Infirmation 6 juin 2018
Commentaire • 0
Sur la décision
| Référence : | CA Riom, ch. com., 6 juin 2018, n° 16/01129 |
|---|---|
| Juridiction : | Cour d'appel de Riom |
| Numéro(s) : | 16/01129 |
| Décision précédente : | Tribunal de grande instance de Moulins, 29 mars 2016, N° 15/00002 |
| Dispositif : | Infirme partiellement, réforme ou modifie certaines dispositions de la décision déférée |
Texte intégral
COUR D’APPEL
DE RIOM
Troisième chambre civile et commerciale
ARRET N°
DU : 06 Juin 2018
RG N° : 16/01129
FR
Arrêt rendu le six Juin deux mille dix huit
Sur APPEL d’une décision rendue le 29 mars 2016 par le Tribunal de Grande Instance de Moulins (RG n° 15/00002)

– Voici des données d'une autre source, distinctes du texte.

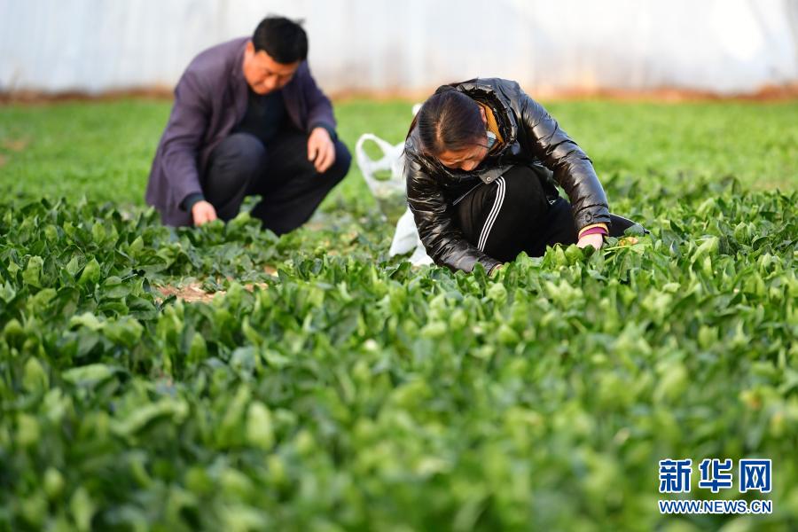 妻子李海玲和朱惠平一起在自家的蔬菜大棚内劳作(2月2日摄)。新华社记者 陈斌 摄
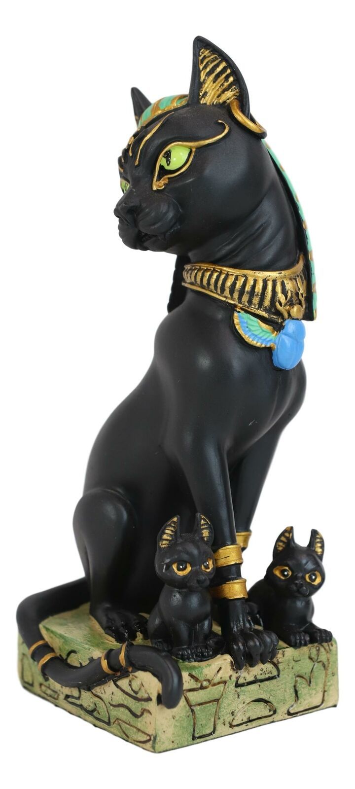 Egyptian Goddess Sitting Cat Bastet Mother With Kittens Statue in Vivid Colors

COMPOSITION DE LA COUR lors du délibéré :
M. François RIFFAUD, Président
M. François KHEITMI, Conseiller
Mme Virginie THEUIL-DIF, Conseiller
En présence de : Mme Christine VIAL, Greffier, lors de l’appel des causes et du prononcé
ENTRE :
La société AUVITY (SA)
[…]
[…]
Représentant : Me Stéphane MESONES, avocat au barreau de MOULINS
APPELANTE
ET :
M. B X
[…]
[…]
Représentant : Me Jean louis DESCHAMPS, avocat au barreau de MOULINS
Mme Z A épouse X
[…]
[…]
Représentant : Me Jean Louis DESCHAMPS, avocat au barreau de MOULINS
INTIMÉS
DÉBATS :
Après avoir entendu en application des dispositions de l’article 786 du code de procédure civile, à l’audience publique du 05 Avril 2018, sans opposition de leur part, les avocats des parties, Monsieur RIFFAUD, magistrat chargé du rapport, en a rendu compte à la Cour dans son délibéré.
ARRET :
Prononcé publiquement le 06 Juin 2018 par mise à disposition au greffe de la Cour, les parties en ayant été préalablement avisées dans les conditions prévues au deuxième alinéa de l’article 450 du code de procédure civile ;
Signé par M. François RIFFAUD, Président, et par Mme Christine VIAL, Greffier, auquel la minute de la décision a été remise par le magistrat signataire.
Exposé du litige :
Selon un bon de commande du 6 août 2010, la SA ETABLISSEMENTS AUVITY (la société
AUVITY) a vendu à M. B X et à Mme Z A épouse X un
véhicule automobile d’occasion de marque Renault, type Espace III, affichant 159 012 kilomètres et
mis en circulation le 7 septembre 2001. Cette vente consentie au prix de 8 900 euros a fait l’objet
d’une facture du 2 septembre 2010. Elle était assortie d’une garantie de trois mois à compter de la
livraison.
A la suite de plusieurs pannes, ce véhicule a fait l’objet d’un examen réalisé par des experts mandatés
par les assureurs des deux parties.
L’assureur de la société AUVITY ayant refusé de prendre en charge les sommes réclamées par M.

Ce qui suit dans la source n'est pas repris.